» PROBLEM TO SOLVE:
In this exercise, retype exactly and only the lines from the top of the entries below through the line that holds "В течение лунного", omitting pictures.

─── DATASET EXTRACT

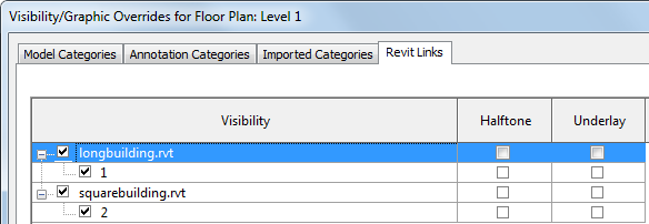Parameters that control the visibility and graphics of linked Revit models are grouped under their own tab, Revit Links, in the Visibility/Graphics dialog.
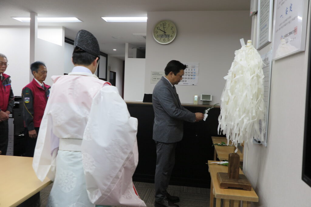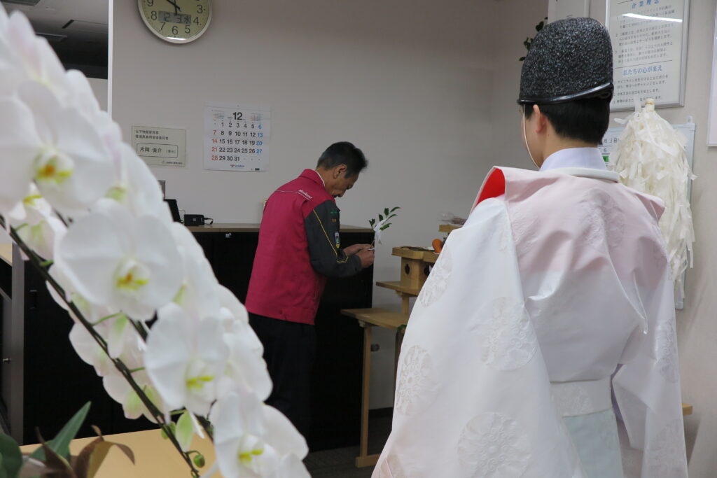12月1日より移転先での業務開始となった福岡本社にて、住吉神社様にお越しいただき、神事を執り行いました。
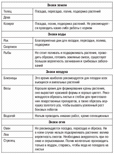 В течение лунного месяца, от новолуния до полнолуния, Луна проходит все знаки зодиака. В зависимости от того, в каком знаке она находится, рекомендуются различные виды работ с различными растениями.
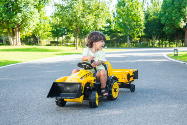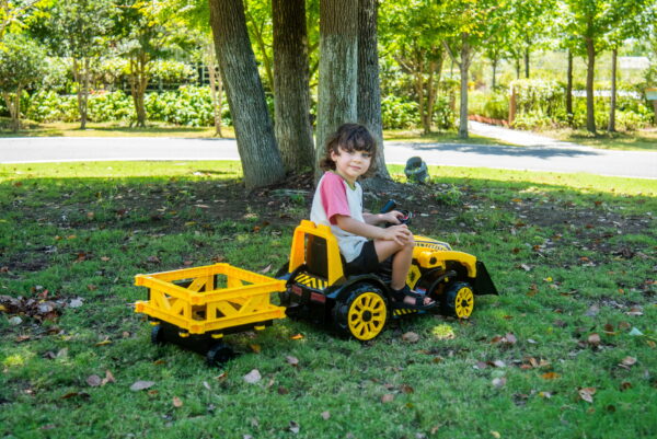 Get ready for big building fun with the Tonka 6V Construction Tractor Ride-On. Kids can drive forward and reverse using easy push-button controls. A working front loader lets them scoop and dump for extra play. The detachable trailer gives even more room to haul toys. Built-in headlights and engine sounds add excitement to every ride. With a sturdy design and 6V battery power, this tractor is perfect for young builders who love Tonka tough play.
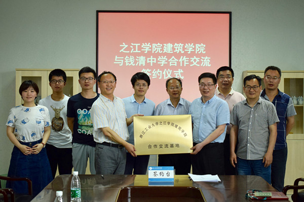 5月22日,建筑学院党总支书记一行5人再赴柯桥区钱清中学,在双方前期洽谈的基础上,签订了校地合作对接交流协议,并举行“浙江工业大学之江学院建筑学院合作交流基地”授牌仪式。钱清中学校长胡木强、书记朱月星等全体班子成员参加了仪式。
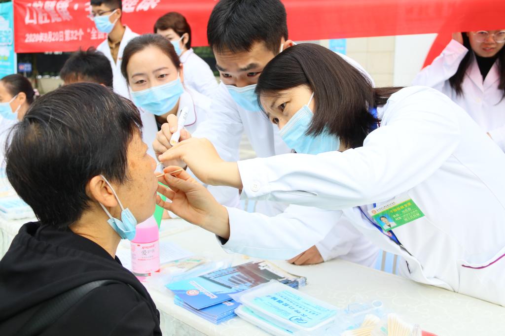 主场地义诊活动在开幕式礼炮声中正式开始。现场,前来咨询问诊的市民络绎不绝,医护人员耐心为每一位市民进行口腔检查、血压测量和现场可操作的口腔诊疗,并为其科普口腔疾病的日常防治要点,回答大家关于口腔健康的各种疑问,告诫大家对于口腔疾病“防大于治”,要养成良好的口腔卫生习惯,发现问题尽早到正规医院诊疗。现场还准备了精美实用的口腔科普图册、口腔清洁用品、儿童画本、医院简介宣传册等礼品包,赠送给支持口腔医院发展建设、重视口腔保健的市民朋友。据统计,此次公益义诊共为200余位市民做了科普宣教,共为百余位市民做了口腔检查,共送出礼品包200余份。
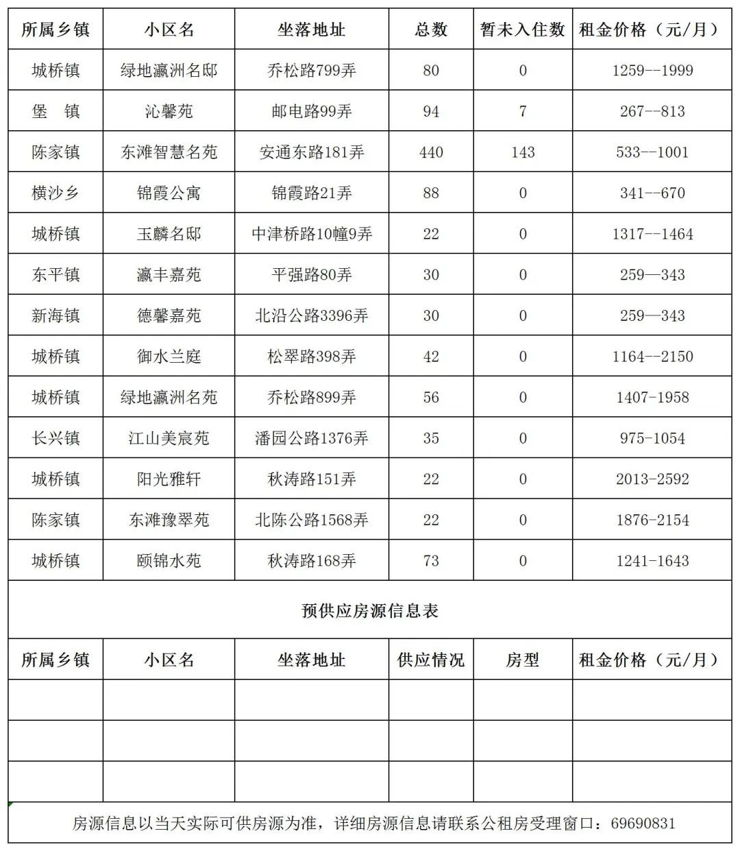 租金价格参考:下图为2022年9月崇明公租房房源信息表
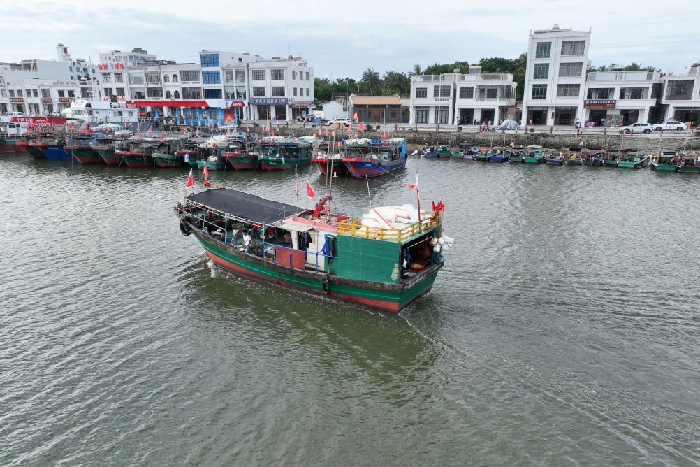 7月22日,在海南省瓊海市,一艘船行駛在潭門港內。
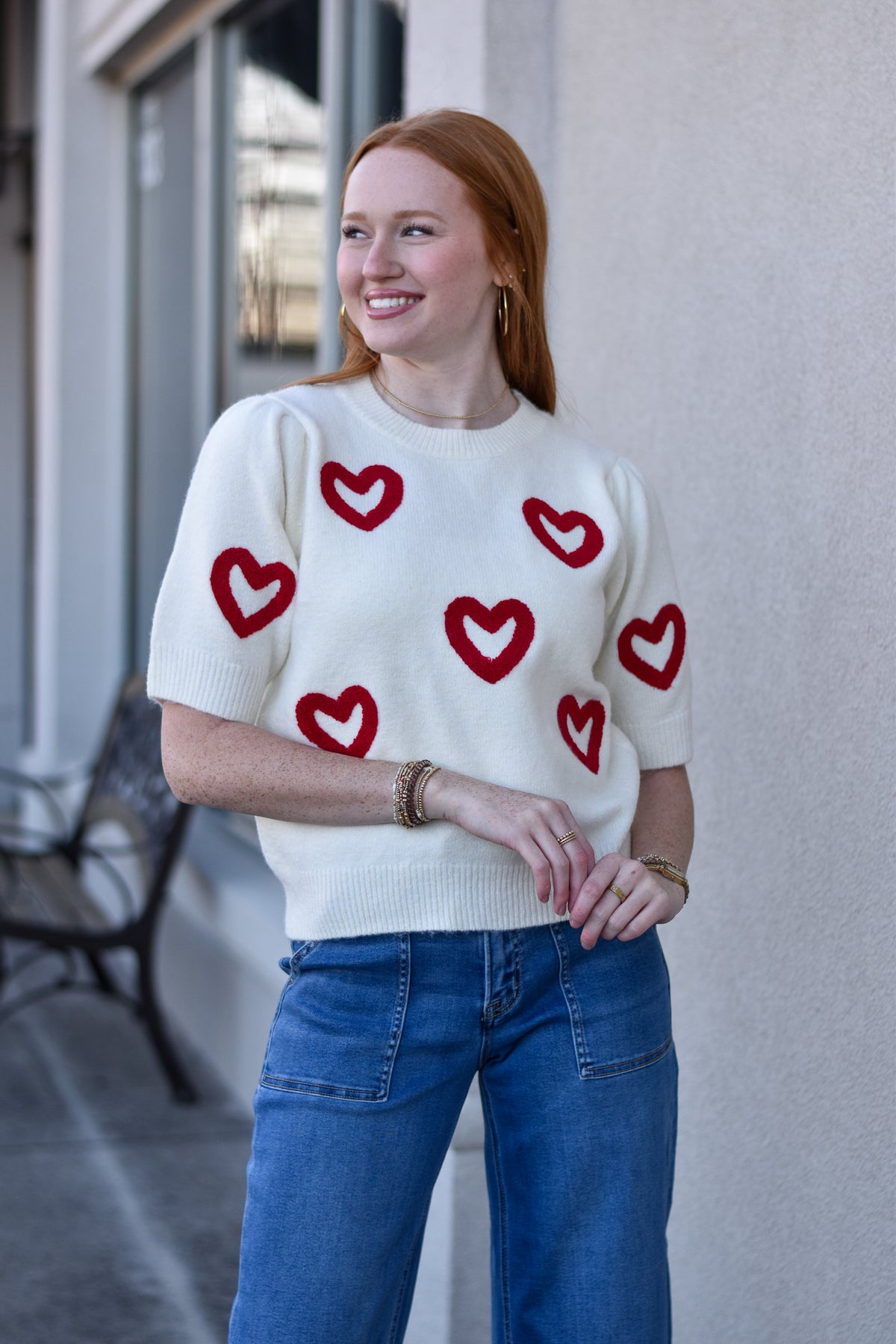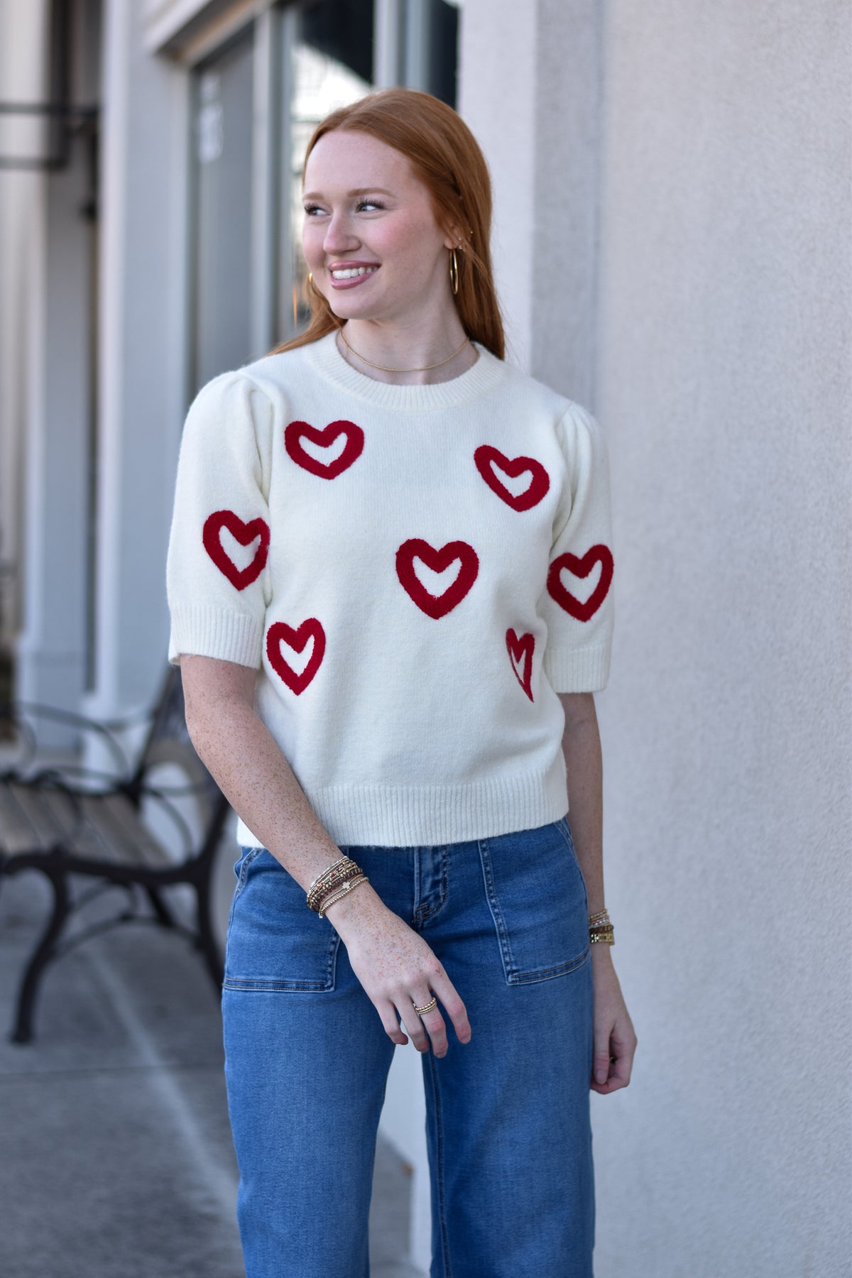 Cozy, cute, and full of charm—the Heart Pattern Knit Sweater brings a playful touch to your everyday style. Made with soft yarn and finished with a classic round neckline and short sleeves, it’s the perfect feel-good piece for Valentine’s Day or any day you want a pop of sweetness.
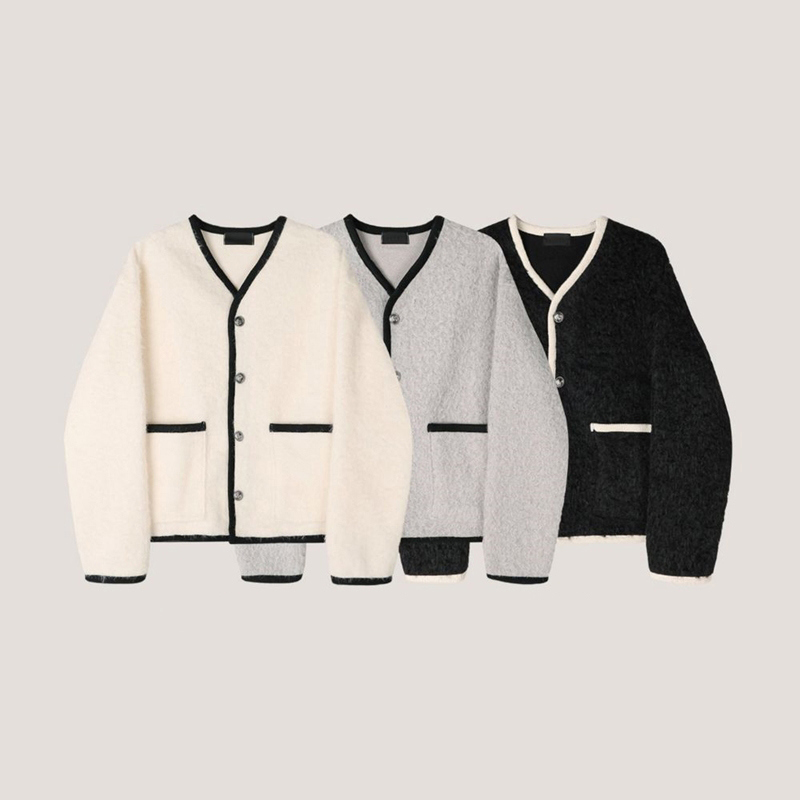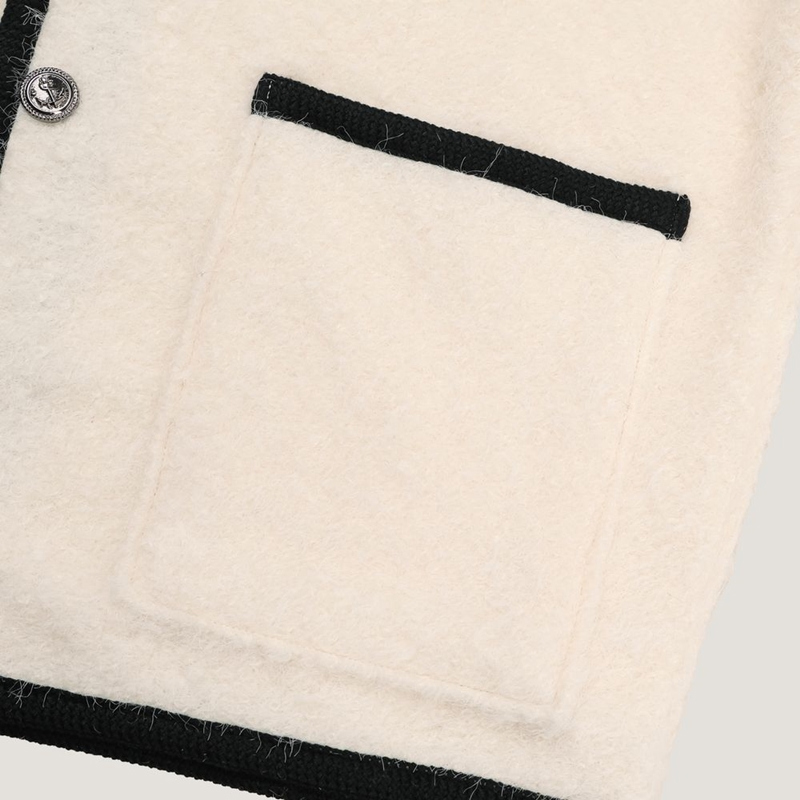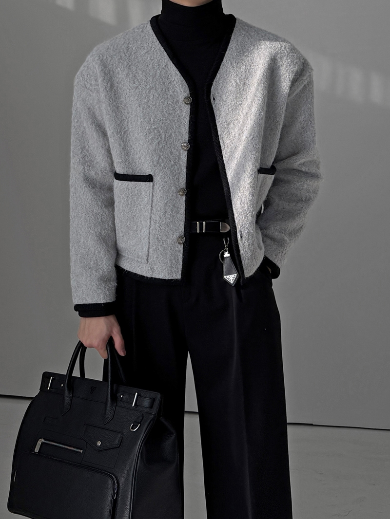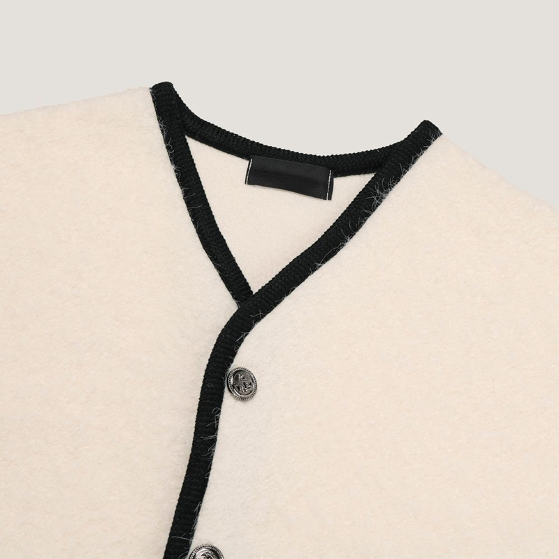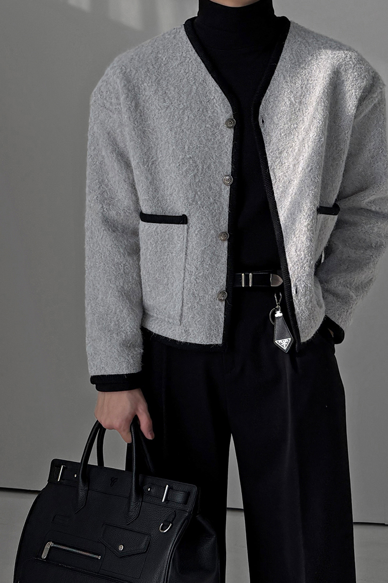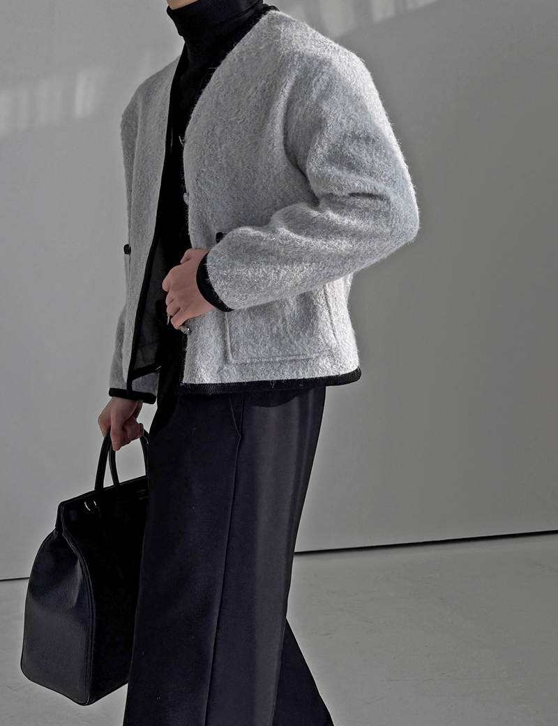 奢華毛呢撞色滾邊V領短版夾克外套 3色 1229

──────

» ANSWER SPACE:
Parameters that control the visibility and graphics of linked Revit models are grouped under their own tab, Revit Links, in the Visibility/Graphics dialog.
12月1日より移転先での業務開始となった福岡本社にて、住吉神社様にお越しいただき、神事を執り行いました。
 В течение лунного месяца, от новолуния до полнолуния, Луна проходит все знаки зодиака. В зависимости от того, в каком знаке она находится, рекомендуются различные виды работ с различными растениями.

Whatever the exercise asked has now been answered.